Обратный путь снова вел через Рамлу в Яффу, а затем морем через Акко в Сайду. Оттуда Нибур с попутным караваном добрался до Дамаска.

В долине перед городом, там, где река Барада разделяется на семь рукавов, он остановился, восхищенный открывшимся перед ним видом: поля, сады, мягкие изгибы рек. «Недаром пророк Мухаммед называл эти места раем», — подумал он. Но сам Дамаск разочаровал Нибура: от двух крепостных стен, некогда окружавших город, остались жалкие развалины, все улицы, за исключением одной, были непомерно узки и на ночь запирались с обеих сторон, дома выглядели убого. Впрочем, Нибур изменил свое мнение, когда проводник открыл ему некоторые местные секреты. Оказалось, что турки взимают налоги только с владельцев хороших домов, поэтому жителям Дамаска есть смысл прибедняться… снаружи. Да и зачем выставлять богатство напоказ, если вся жизнь сосредоточена внутри? В доказательство проводник привел Нибура в самый обычный, ничем не примечательный дом, и ученый увидел узорчатые мраморные стены, нарядный пол из кедрового дерева, лепные плафоны, ковры, панно, колонны, фонтаны. Окна, выходившие во внутренний двор, были заделаны цветными витражами.

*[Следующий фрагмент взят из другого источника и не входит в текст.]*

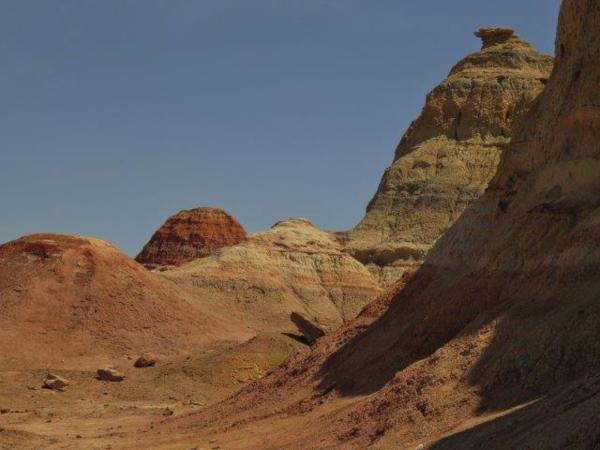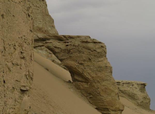 而我們參觀的奇特地貌似乎都是雅丹地貌,雅丹是維吾爾語“雅爾丹”的轉音,原來是維吾爾族對沙土風蝕地貌的叫法,意思是“陡壁的小丘”,後演變為乾旱地區風蝕地貌的地理名詞。

Что же касается узких улиц, то они, как и в других арабских городах, защищали жителей от слишком яркого солнца и даже создавали своеобразный уют. Нибур любовался крошечными кофейнями, всегда соседствующими с живописными фонтанами. Ни в одном городе он не видел такого изобилия воды, причем воды настолько холодной, что нередко она служила причиной простуды, из-за чего дамасские купцы даже летом предпочитали носить меха.

Жизнь в Дамаске беспокойна. От него как бы лучами расходятся важные дороги: на север — в Алеппо, на восток — в Багдад, на юг — в аравийские пустыни, на запад — к Средиземному морю. И через город тянутся бесконечные караваны с паломниками, направляющимися в Мекку, В такие дни европейцу лучше не показываться на улице. Впрочем, европейцев в Дамаске в отличие от Алеппо почти нет. Здесь развиты ремесла, и товары из Европы почти не требуются.

Не успел Нибур обойти город, осмотреть главную мечеть, построенную на месте храма Юпитера и церкви Иоанна Крестителя, и мавзолей Салах ад-Дина, как о его пребывании стало известно турецким властям.

Важный чиновник, восседавший на пестром ковре посреди большой пустой комнаты, куда привели Нибура, рассматривал его с любопытством.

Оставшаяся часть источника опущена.